# Determine P-value threshold at chosen a FDR threshold

In this notebook, we describe how to determine a P-value threshold for a given dataset so that the FDR is kept below a chosen threshold. We use an empirical method to estimate the FDR at given P-value thresholds. For a given P-value threshold ``p_thresh``, we proceed in four steps:

1. Determine the number of significant interactions ``sig_num_o`` at ``p_thresh``.
2. Randomize the simple and twisted read pair counts of all interactions. We randomize individual interactions with $n$ read pairs by randomly drawing a simple count from a binomial distribution with $p=0.5$ and then setting the twisted count to $t=n-s$.
3. Determine the number of randomized significant interactions ``sig_num_r`` at ``p_thresh``.
4. Use ``sig_num_r/sig_num_o`` to estimate the FDR at ``p_thresh``.

To find a P-value threshold for which the FDR is kept below a chosen threshold, we estimate the FDR for increasing P-value thresholds. Then we use the P-value threshold for which the FDR is still below the chosen threshold. Note that we randomize each interaction only once and then use the same list of P-values of randomized interactions for all P-value thresholds.

Usually the FDR grows monotonically with the P-value threshold. However, for datasets with poor signal-to-noise ratio, this may not be the case. Therefore we check this and issue a warning if applicable.

## Setting up the notebook

In [1]:
import sys
import os
from numpy import arange
import pandas
sys.path.append("..")
from diachr import DiachromaticInteractionSet
from diachr import RandomizeInteractionSet

In this notebook, we use the following classes:
- ``DiachromaticInteractionSet``
- ``RandomizeInteractionSet``

We use the ``DiachromaticInteractionSet`` to read, evaluate, categorize and write interactions to a file.

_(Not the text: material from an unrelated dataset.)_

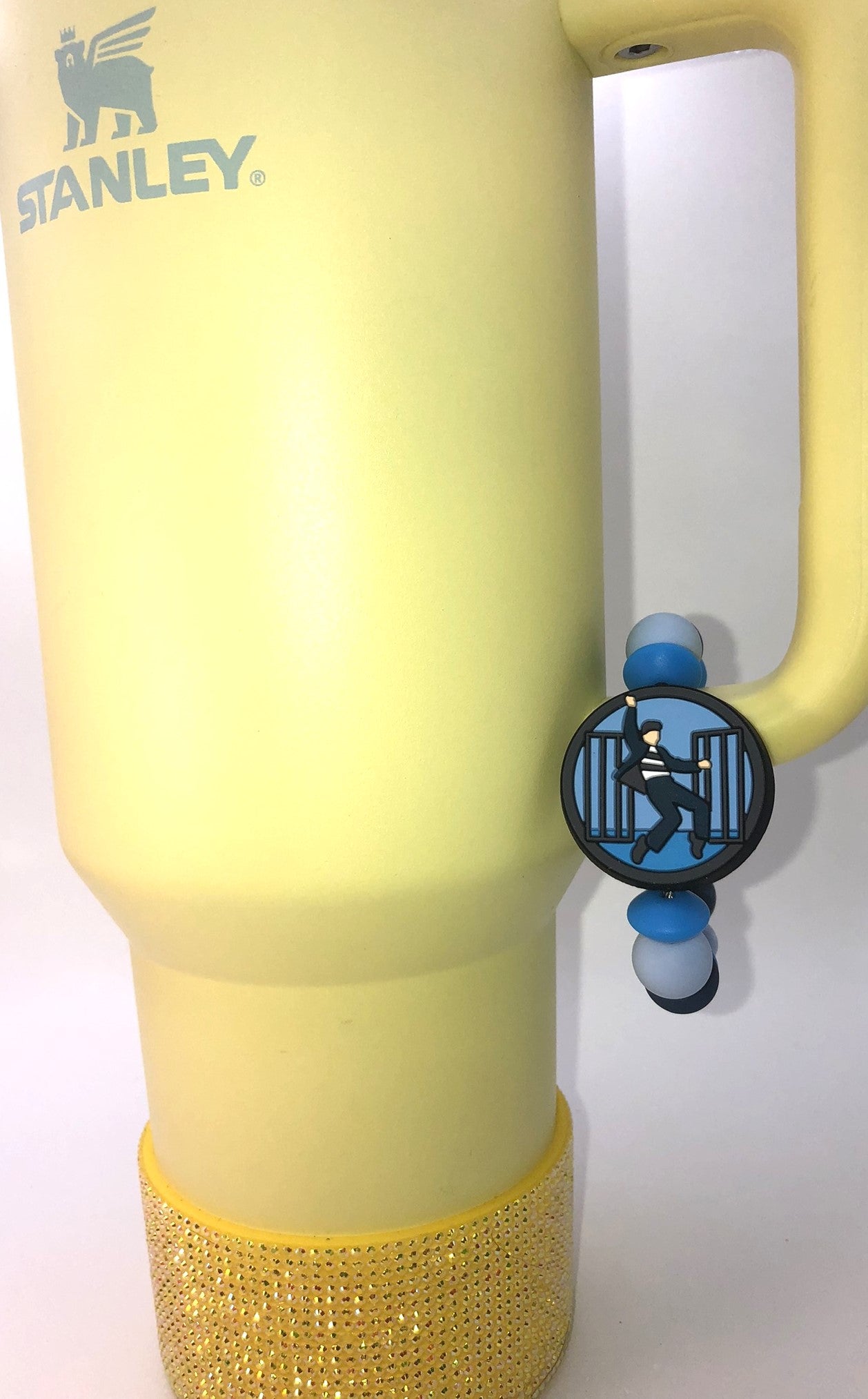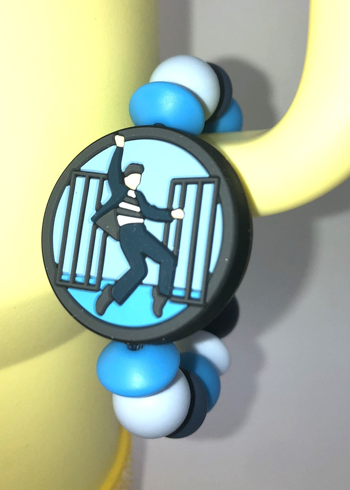 Accessorize your tumbler cup with this nostalgic Elvis The King Jailhouse Rock Round silicone bead cup charm. These cup charms are made to clasp around your favorite tumbler's handle. They are simple to take off and put on, so depending on your mood for the day, you can swap them out easily!

The randomization analyzes are carried out in class ``RandomizeInteractionSet``, which operates on an already existing ``DiachromaticInteractionSet`` object that has been passed to its constructor.

## Test files

### Test file 1

The purpose of the first test file is to check whether the P-value thresholds are used correctly during the FDR analysis.

The function ``write_diachromatic_interaction_fdr_test_file`` of class ``DiachromaticInteractionSet`` can be used to generate a test file that contains the same number of interactions for consecutive P-value intervals.

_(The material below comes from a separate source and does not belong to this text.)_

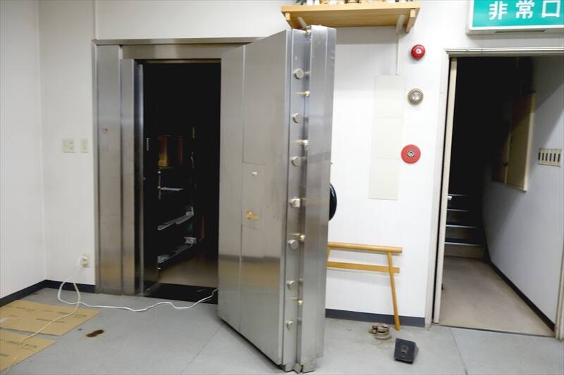 建物の看板こそ、銀行が去ったあとに入居した「鹿角ショッピングスタンプ」になっていたが、内装は基本的に銀行時代のまま。その証拠として、部屋の奥に金庫室があった。

The following parameters must be specified:

- output interaction file
- maximum P-value
- P-value step size
- requested number of interactions per interval

Make sure that the interaction file has not previously been categorized with a P-value threshold that is smaller than the specified maximum P-value. Otherwise, interactions that do not have enough read pairs to be significant at the smaller threshold may have already been discarded.

The maximum P-value and the step size are used to create a list of ascendingly sorted P-values that define intervals of equal size.

In [5]:
p_value_max = 0.05
p_value_step = 0.0025
p_threshs = arange(p_value_step, p_value_max + p_value_step, p_value_step)
print(p_threshs)

[0.0025 0.005  0.0075 0.01   0.0125 0.015  0.0175 0.02   0.0225 0.025
 0.0275 0.03   0.0325 0.035  0.0375 0.04   0.0425 0.045  0.0475 0.05  ]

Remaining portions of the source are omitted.